Однако к Рождеству 1933 года Хайдеггер чувствовал себя в роли публичного национал-социалистического философа не так уверенно, как ожидал. Если верить его словам, в зимние каникулы он решил уйти с поста ректора в конце следующего семестра. Так он и сделал, написав заявление об отставке 14 апреля 1934 года. После этого, как сам позже утверждал, он уже не имел ничего общего с нацизмом. Он даже решился на небольшой бунт, вернув оригинальное посвящение Гуссерлю в издание «Бытия и времени» 1935 года. По его утверждению, новая позиция далась ему дорогой ценой, поскольку с тех пор и до конца войны за ним следили и его преследовали со стороны партийных функционеров.

Хайдеггер ненавидел говорить об этом периоде, и ни одно из его объяснений происходившего в 1933 году не было удовлетворительным. В 1945 году он написал небольшую статью, посвященную этому вопросу, озаглавленную «Ректорат 1933/34: факты и мысли». В ней он признался, что на короткое время увидел в партии «возможность внутреннего самосозерцания и обновления народа, а также путь к раскрытию его исторически-западного предназначения». Затем Хайдеггер, по его словам, увидел свою ошибку и выпутался. Смысл эссе можно сформулировать так: «Ой, я и не думал быть нацистом». Хайдеггеру была выгодна эта кажущаяся наивность. Когда в 1945 году французский писатель Фредерик де Товарницки ослабил оборону Хайдеггера бутылкой хорошего вина и задал прямой вопрос – «почему?», тот наклонился к французу и тоном человека, торжественно раскрывающего секрет, произнес: «Dummheit». Он повторил это слово еще раз, еще более выразительно. «Dummheit». Глупость. Подразумевалось, что его худшим недостатком была оторванность от жизни. Он убедил даже великодушного Ясперса, который после войны назвал Хайдеггера 1933 года «мечтательным мальчиком» – ребенком, который оказался втянут в события, слишком сложные для его понимания.

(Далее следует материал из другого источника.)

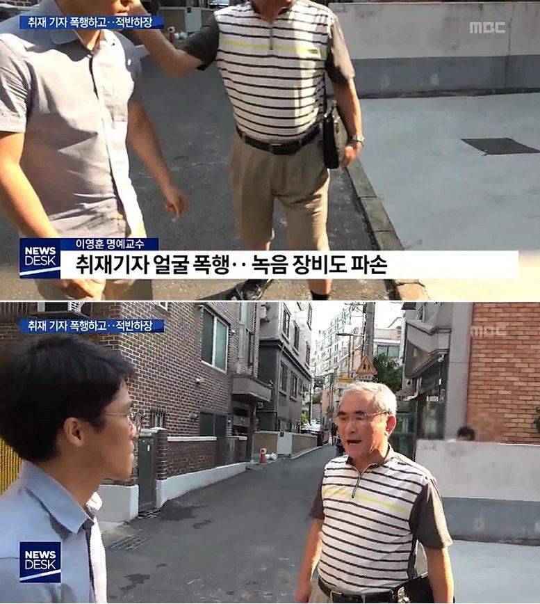 이 전 교수의 책과 발언 등이 논란이 되자 MBC '스트레이트' 취재진은 지난 4일 이 전 교수 자택 앞에서 그를 만나 입장을 듣고자 했다. 그러나 이 교수는 취재기자에게 고함을 지르고 녹음 장비를 내려치는 것은 물론, 취재기자에게 손찌검까지 했다. 취재진에 따르면 이후에도 이 전 교수는 취재진에게 약 20분간 '야, 인마' 등의 폭언과 반말을 섞어가며 강압적인 태도를 이어갔다. 이 같은 장면은 지난 7일 MBC 메인뉴스 '뉴스데스크'를 통해 방송되기도 했다.

В действительности все обстоит совсем иначе. Во-первых, Хайдеггер явно сохранял нацистские симпатии еще долгое время после своей отставки. В августе 1934 года он представил в Министерство науки и образования планы предлагаемой им философской академии в Берлине, своего рода городской версии лагерей Тодтнауберг, в которых преподаватели и студенты жили бы вместе и занимались «научной работой, отдыхом, упражнениями, военными играми, физической работой, прогулками, спортом и празднествами» под руководством «политически безопасных» профессоров и директора, то есть национал-социалистов. Предложение Хайдеггера отклонили, но вовсе не из-за отсутствия энтузиазма в его планах. Два года спустя, когда в 1936 году он поехал в Рим, чтобы прочитать лекцию о поэте Фридрихе Гёльдерлине, он все еще носил на лацкане нацистскую булавку и не снимал ее, даже осматривая достопримечательности в компании своего бывшего студента Карла Левита, наполовину еврея. Левит был возмущен: независимо от взглядов Хайдеггера ему ничто не мешало снять значок хотя бы ради комфорта своего спутника.

Это был не единственный случай, когда Хайдеггер проявлял подобную черствость в общении с людьми. Философ Макс Мюллер, который учился у Хайдеггера и работал его ассистентом, в 1937 году попал в неприятности с режимом за написание политических статей и работу в католической молодежной группе. Проректор Фрайбурга Теодор Маунц сообщил Мюллеру, что к Хайдеггеру обратились за отчетом о поведении его студента, и тот дал ему в целом хорошую оценку «как человеку, педагогу и философу». Однако, с другой стороны, он включил замечание о том, что Мюллер относится к государству отрицательно. Одно такое предложение означало верную смерть. «Иди к нему и попроси это убрать, – сказал Маунц Мюллеру. – Все будет в порядке, если он вычеркнет это предложение».

Мюллер обратился к Хайдеггеру – но Хайдеггер упорно стоял на своем, говоря: «Я дал единственный ответ, который соответствует истине. Я лишь упомянул об этом среди прочих объективных достижений».

«Остальные достижения меня не спасут, – ответил Мюллер, – пока эта характеристика остается в документе».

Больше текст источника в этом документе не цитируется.